►
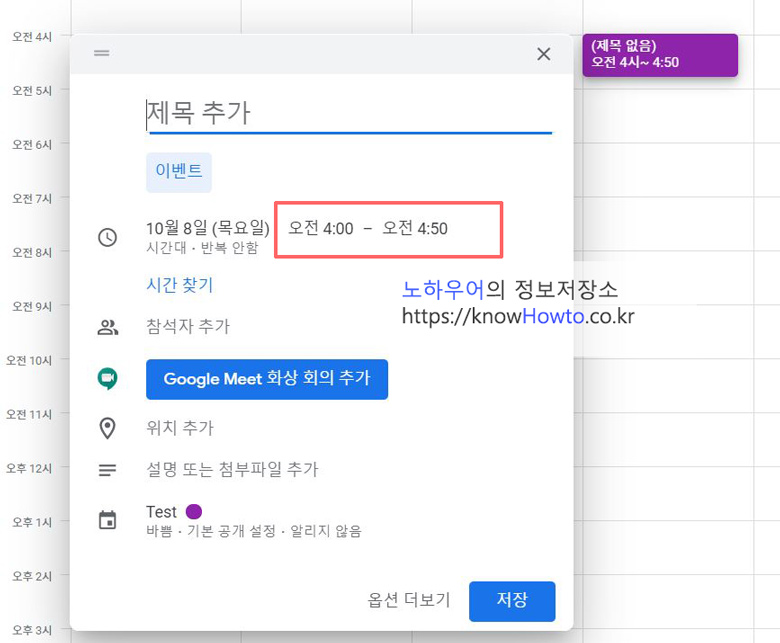 4시에 일정을 생성하려고 할 때 기본적으로 4시 ~ 4:50으로 설정되는 것을 볼 수 있습니다.
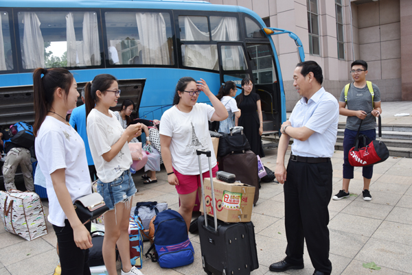 本网讯 7月7日,我校分赴安丘市和临朐县参加实习支教的482名学生,圆满完成实习支教任务,顺利返校。副校长丁子信,教务处、相关学院负责同志以及辅导员老师们,在行政楼后广场迎接返校的学生们。
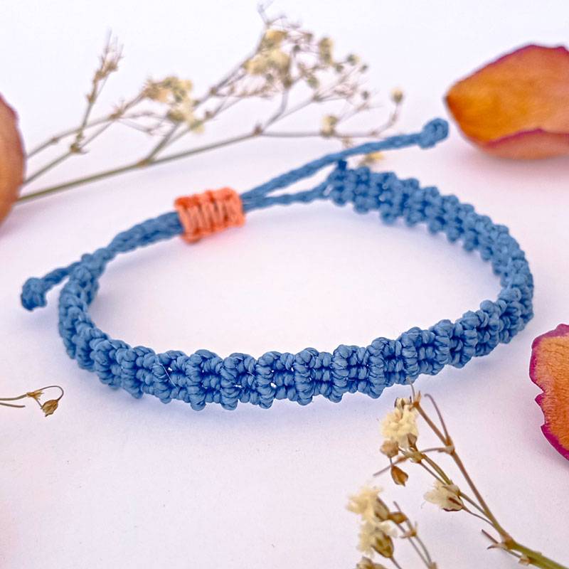Questo bracciale macramè è realizzato a mano con una lavorazione che unisce semplicità e raffinatezza. Può essere realizzato in un unico colore o in 2 colori diversi.
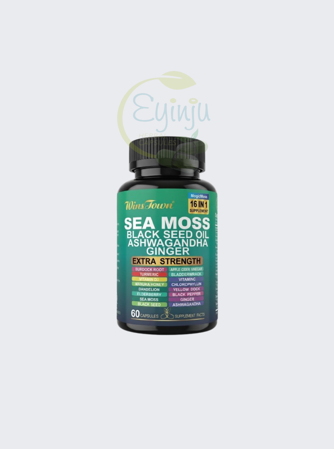 WinsTown 16-in-1 Extra Strength Sea Moss Complex (60 Capsules) A powerful all-in-one wellness formula combining Sea Moss, Black Seed Oil, Ashwagandha, and Ginger. Designed for maximum potency, these capsules support immune health, thyroid function, and natural energy levels with 16 nutrient-dense ingredients.
◄
* [TASK TO COMPLETE]: Transcribe, please, the lines from the one holding "Questo bracciale macramè" to the final line of the material, both included, exactly and with no extra lines, and skip the pictures.

* [ANSWER BOX]:
Questo bracciale macramè è realizzato a mano con una lavorazione che unisce semplicità e raffinatezza. Può essere realizzato in un unico colore o in 2 colori diversi.
 WinsTown 16-in-1 Extra Strength Sea Moss Complex (60 Capsules) A powerful all-in-one wellness formula combining Sea Moss, Black Seed Oil, Ashwagandha, and Ginger. Designed for maximum potency, these capsules support immune health, thyroid function, and natural energy levels with 16 nutrient-dense ingredients.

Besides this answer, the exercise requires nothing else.